One customer I worked with -- every piece of training data they provided to the bot was between one and four words, and their users asked full sentences. It wasn't even close. And they were very strict in their testing. They went through lots of scenarios, but they made up a bunch, so when it got to production, [they wondered] why all the users ended up at the live agent anyway. Turns out they asked questions completely differently than we thought.
Always start with your users. When we start a chatbot project, we say, 'Do you have a list of questions users are asking? If you want to build a phone bot, do you have a chatbot already or a website where people search? Do we have real text from users to look at [instead of] our preconceptions?'
Sometimes, we'll set up a dummy interface -- a chat icon to say, 'How can I help you?' You send it to some test users, they type in what they want, the bot says, 'Thanks for asking. I don't know yet.' That's a cheap way to bootstrap. So, you get a couple hundred questions, and you see how they ask these questions because it's probably not the way you thought.
This is a challenge because you want something as close to the users as possible. If I build a text-based chatbot, I'd like utterances from a text-based chatbot -- maybe a failed one you're replacing. Even if I'm going from text to phone, you speak differently than you type. … So, the closest you can get is the best.
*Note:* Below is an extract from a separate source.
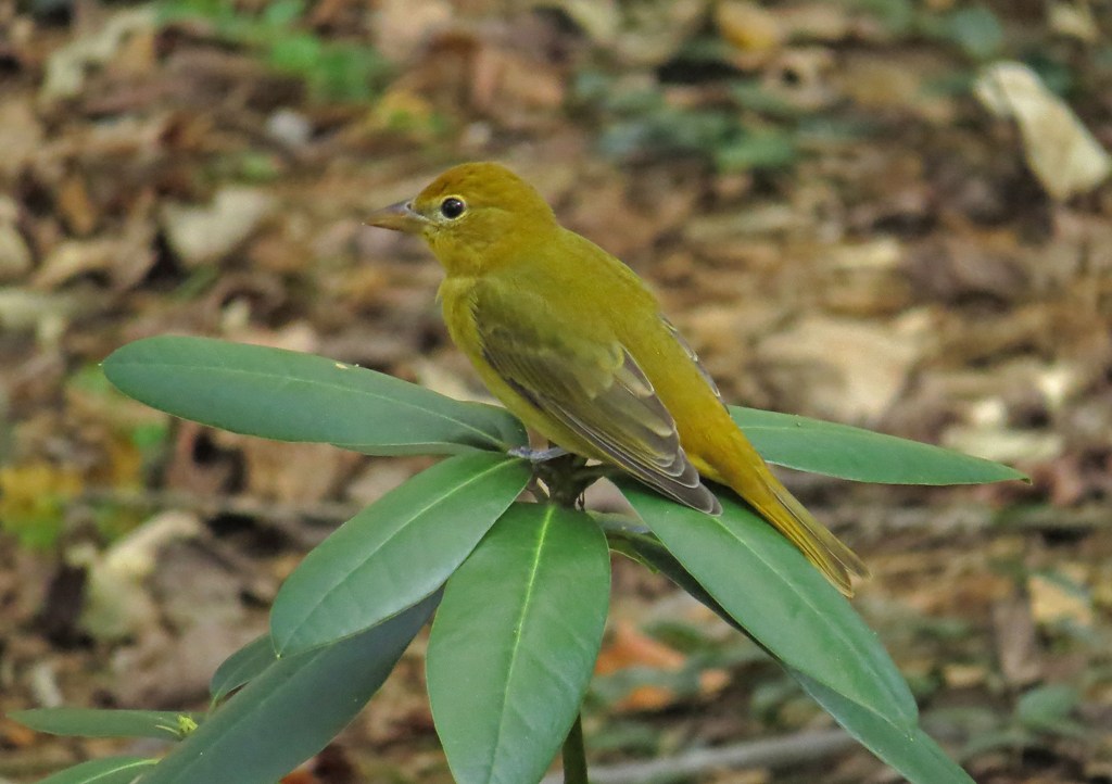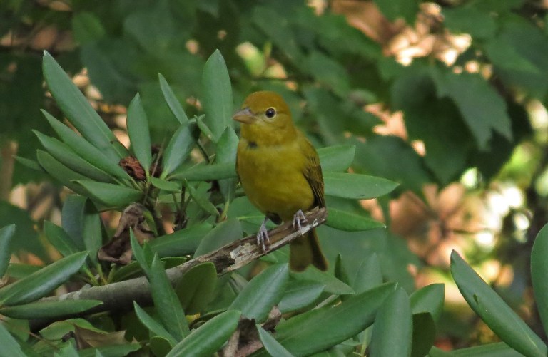 …but her male counterpart, who showed up a few moments later, is a brilliant red during the mating season but becomes an Un-scarlet tanager when fall arrives, choosing bright yellow feathers for his autumn attire.

What tips do you have for people new to building chatbots?
Freed: If you're an enterprise and need this to revamp your call center, don't just take the techie and make them knock out a chatbot in one afternoon. You want lots of people in the room to make it work. The developer [will] write terrible dialogue, but they can connect the different systems. You want someone who can write dialogue [and] someone who knows the business processes. You want to check in with your legal group. If you've got a persona, users will expect that consistent experience.
I had an experience where we went through a couple months' long build, had the whole chatbot out and the compliance group looked at it and said, 'You can't give out this information over the phone if all you've asked for is this.' After all this testing, we had to shut off a corner of the bot, which is disheartening. But at least we didn't get sued. Had we brought them in from the beginning, we could have done things differently.
It's like a business transformation. It's not just bolting on one more thing to what you always do because you're not replicating your call center in your chatbot. I'm not going to start my chatbot with [a phone tree]. It's a waste of technology. I'm not moving forward. So, I'm going to fundamentally redesign the entire customer service experience. Therefore, I need all the groups that connect to it.
If you imagine resetting a password in four steps, it'll probably look like a funnel. Everybody comes in the beginning to reset their password, and the bottom is people who actually got to reset it. At some point, it will shrink. Why did it shrink? It might be that you coded some dumb rules about how to set the password. Maybe you asked questions the users didn't understand, or you didn't understand what the users wanted. So, it's not one and done. You have to go back and monitor and improve it.
The chatbot's not done when you deliver it. That's the beginning.